I had chemo treatment number 5 this past Monday. I have still been trying to kick the respiratory bug I got a couple of weeks ago. The cough has slowly gone away, but I have been left with some lingering fatigue, stuffiness and a general sensation of my chest and lungs not being 100%. At this point, it is hard to figure out what is chemo related and what is illness related.
I knew I was going to feel crappy after chemo anyway, so Steve and I went for a run in the morning. It would end up being the longest run of the week. The kids were out of school again, so Peyton went to a friend’s house and Riley came along to the cancer center with us. The infusion went as anticipated. The chemo nurse asked the doctor about my chemo induced amenorrhea. I guess he was surprised that it had happened, but I can vouch for the fact that it has. He seemed to think my cycles would start again once chemo is over. I hope so.
I am not sure if it is the chemo or the anti nausea medication, but I am always very tired after chemo treatments. I look forward to getting home, putting on my pajamas and crawling in bed. I was not as sick this time as I had been the previous week. I laid down for a while, and when I got up, I found that the friend who had watched Peyton that afternoon had made me some “chemo moonshine” to help with the nausea. I do think sipping a little of this helps with nausea. No, there is no alcohol in it 🙂
On Tuesday, I had to take Greta in to the vet. She has had a growth on her leg for a while now that we have just been observing for changes. The previous Friday afternoon, she had jumped up on the bed with me, and I noticed a big red spot that alarmed me greatly. You can’t tell from this photo, but it is raised.
I took her to our long time vet, Dr Mohr, at the Black Forest Veterinary Clinic. Last summer, the BFVC burned to the ground during the Black Forest fire. I was devastated for our vet. I also selfishly was sad for myself because I did not want to take Greta anywhere else. The good news is, Dr. Mohr found space directly across from where his clinic had been, and he is back in business. He did a fine needle aspiration of Greta’s leg and said he had been concerned about it being a mast cell tumor, but he did not see any cancer cells in the FNA fluid. We have enough cancer in our house right now. Greta is nearly 10, but she seems to still be a very healthy dog. I am looking forward to sharing a few more years with my girl.
To celebrate, we came home and snuggled in my bed together.

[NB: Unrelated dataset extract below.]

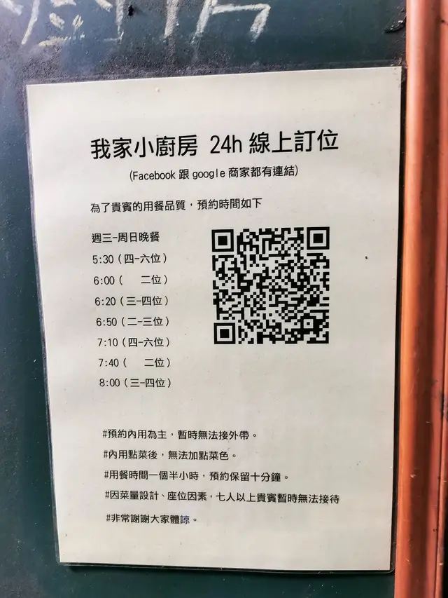 我家小廚房的訂位對應表(不定期在FB開放訂位)

The theme of this week has been fatigue and taking care of the essentials. Tuesday, Wednesday and Thursday, I crashed and slept during the day. I am not and never have been one to take naps. So, if I fall asleep during the day, I am truly exhausted. I think the previous week of not sleeping due to my cough just caught up with me. I really felt like life has just kicked my behind the past couple of weeks. Some days, it has been all I could handle to get my kids ferried around to school and activities. What I did appreciate from catching a few daytime Zs was that napping enabled me to stay up past 7 pm to spend some time with my family in the evening. There is nothing more important to me right now than supporting my kids to the best of my ability. My having cancer has been obviously very distressful for both girls. The fact that I have had to go to bed so early many nights has been a constant reminder of illness and of life being turned upside down. Being able to hang out with the family after school and practices and activities and homework is a gift. I don’t want to sleep through six months of their lives. I am all too aware of how fast the clock is ticking for all of us right now. Being ill is robbing me of precious time with my children who are growing up much faster than I would like.

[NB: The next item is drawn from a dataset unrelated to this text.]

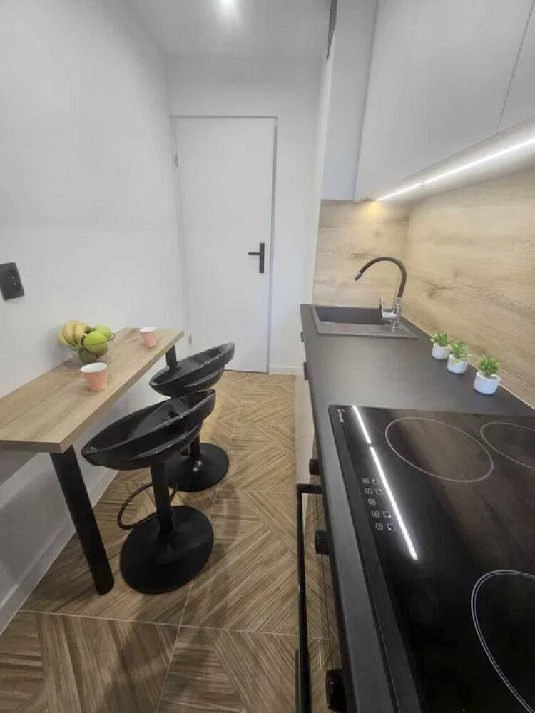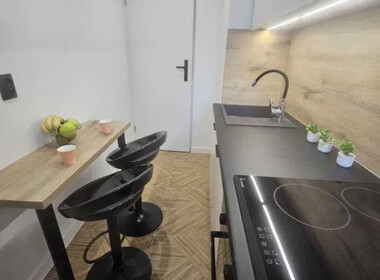 -osobna, widna kuchnia (meble "na wymiar" wraz ze sprzętem AGD: pełnowymiarowa płyta elektryczna, piekarnik elektryczny, zmywarka, duża lodówka z zamrażalnikiem, okap kuchenny)

Going through surgery and chemo has taught me that sometimes you have to pare down to only the essentials in your life in order to survive. I have had to really set limits and prioritize how I spend my time right now, since my energy is so limited. My family, my friends and taking care of my body through rest, exercise and nutrition are the most important things right now. If that means I only have the energy to get my kids to school, go for a short run or walk and then come home and nap so that I have the ability to see my kids and husband in the evening, then so be it. Maybe I will feel better after I am completely over this illness and I am just dealing with chemo side effects, but maybe not. Maybe this is the new normal for the next few months. Either way, I am learning that life is very short and precious. I have no idea how long I have left on this planet but I plan to spend my time with people I really love, doing things that I consider essential and joyful. Maybe it shouldn’t have taken me 45 years and a cancer diagnosis to figure these things out. We spend too much time thinking about all of the “shoulds” instead of what is really crucial to our own well being. Think about what and who you consider essential in your life. Spend your time with those essential people doing those things that give your life meaning.